To perform a CEA, simulated QALYs and costs are summarized and a `ce` object is created, which contains mean QALYs and costs for each sample from the PSA by treatment strategy. QALYs and costs can either be summarized by subgroup (`by_grp = TRUE`) or aggregated across all patients (`by_grp = FALSE`).
```{r}
ce <- ictstm$summarize(by_grp = FALSE)
print(ce)
```
The functions `cea()` and `cea_pw()` are used to perform a CEA. The former simultaneously accounts for all treatment strategies while the latter makes pairwise comparisons between interventions and a chosen comparator.
```{r}
cea_out <- cea(ce, dr_qalys = .03, dr_costs = .03)
cea_pw_out <- cea_pw(ce, dr_qalys = .03, dr_costs = .03, comparator = 1)
```
Summary and plotting functions are available to analyze the output. For instance, we can use `plot_ceac()` to quickly plot a cost-effectiveness acceptability curve (CEAC), which displays the probability that each treatment strategy is the most cost-effective at a given willingness to pay for a QALY. The labels we constructed earlier are used to give the treatment strategies informative names.

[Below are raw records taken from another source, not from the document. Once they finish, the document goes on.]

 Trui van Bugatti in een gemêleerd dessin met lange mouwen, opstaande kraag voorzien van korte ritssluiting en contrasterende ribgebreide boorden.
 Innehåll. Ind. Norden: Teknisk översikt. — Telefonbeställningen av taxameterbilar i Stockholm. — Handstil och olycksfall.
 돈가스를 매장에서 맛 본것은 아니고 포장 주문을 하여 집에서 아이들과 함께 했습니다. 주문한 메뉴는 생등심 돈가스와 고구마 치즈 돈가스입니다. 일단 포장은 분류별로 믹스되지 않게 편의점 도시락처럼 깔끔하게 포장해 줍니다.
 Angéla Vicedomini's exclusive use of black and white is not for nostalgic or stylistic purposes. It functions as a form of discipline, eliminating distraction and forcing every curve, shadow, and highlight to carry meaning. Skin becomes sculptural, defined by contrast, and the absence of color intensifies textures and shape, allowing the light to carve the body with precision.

```{r ceac_plot, warning = FALSE, message = FALSE, fig.width = 6, fig.height = 4}
library("ggplot2")
plot_ceac(cea_out, labels = labs) +
theme_minimal()
```
# Next steps
This article provided an overview of the `hesim` package. We recommend exploring the examples in the other articles to learn more.

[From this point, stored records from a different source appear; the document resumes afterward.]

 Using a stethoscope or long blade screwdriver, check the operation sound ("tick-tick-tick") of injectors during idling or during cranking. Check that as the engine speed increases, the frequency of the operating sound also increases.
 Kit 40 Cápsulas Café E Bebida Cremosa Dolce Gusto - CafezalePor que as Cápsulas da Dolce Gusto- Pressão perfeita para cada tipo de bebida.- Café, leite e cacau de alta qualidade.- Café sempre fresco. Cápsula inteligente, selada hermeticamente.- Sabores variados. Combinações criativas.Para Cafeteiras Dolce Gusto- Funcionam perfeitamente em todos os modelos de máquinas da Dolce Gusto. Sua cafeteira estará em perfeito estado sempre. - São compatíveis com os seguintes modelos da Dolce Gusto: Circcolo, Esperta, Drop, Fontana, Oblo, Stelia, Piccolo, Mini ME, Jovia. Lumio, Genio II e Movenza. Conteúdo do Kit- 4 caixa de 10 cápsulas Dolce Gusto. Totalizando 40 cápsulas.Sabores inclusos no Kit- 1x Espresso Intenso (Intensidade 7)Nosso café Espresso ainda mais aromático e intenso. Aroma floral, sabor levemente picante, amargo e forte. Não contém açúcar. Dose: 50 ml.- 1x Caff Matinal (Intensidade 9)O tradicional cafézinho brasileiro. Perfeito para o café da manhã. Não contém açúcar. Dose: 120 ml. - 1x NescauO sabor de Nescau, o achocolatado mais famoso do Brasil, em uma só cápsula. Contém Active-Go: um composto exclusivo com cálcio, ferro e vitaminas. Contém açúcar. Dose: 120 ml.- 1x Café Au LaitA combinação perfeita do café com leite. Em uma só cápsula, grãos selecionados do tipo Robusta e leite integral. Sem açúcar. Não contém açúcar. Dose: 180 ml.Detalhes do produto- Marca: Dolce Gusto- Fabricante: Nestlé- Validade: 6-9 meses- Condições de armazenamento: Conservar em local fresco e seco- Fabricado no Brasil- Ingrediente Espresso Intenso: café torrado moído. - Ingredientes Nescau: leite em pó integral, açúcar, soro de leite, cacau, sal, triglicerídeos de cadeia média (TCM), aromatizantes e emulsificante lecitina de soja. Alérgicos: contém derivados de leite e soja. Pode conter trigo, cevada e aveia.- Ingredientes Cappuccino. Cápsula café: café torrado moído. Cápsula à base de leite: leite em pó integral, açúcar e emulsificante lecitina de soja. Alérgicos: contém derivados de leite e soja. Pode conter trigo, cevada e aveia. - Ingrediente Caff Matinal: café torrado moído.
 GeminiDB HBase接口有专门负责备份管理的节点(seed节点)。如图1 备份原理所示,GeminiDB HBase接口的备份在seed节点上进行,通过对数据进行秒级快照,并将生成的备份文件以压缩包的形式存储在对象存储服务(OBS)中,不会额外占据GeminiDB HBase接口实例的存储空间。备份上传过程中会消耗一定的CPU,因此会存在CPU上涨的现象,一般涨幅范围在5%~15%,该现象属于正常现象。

cDTSTMs (i.e., Markov cohort models) are probably the most commonly used models in health economics and there are examples demonstrating multiple ways to build them with `hesim`. One approach that has not yet been discussed is a functional one that allows users to define a model (with `define_model()`) in terms of expressions that transform underlying parameter draws from a PSA into relevant transformed parameters (e.g., transition probability matrices, mean state values) as a function of input data.
Other relevant topics include more through treatments of CEA, multi-state modeling, individual-level simulations based on aggregate data, and partitioned survival analysis. As the examples illustrate, any analysis can be performed either for a single group or in the context of multiple subgroups.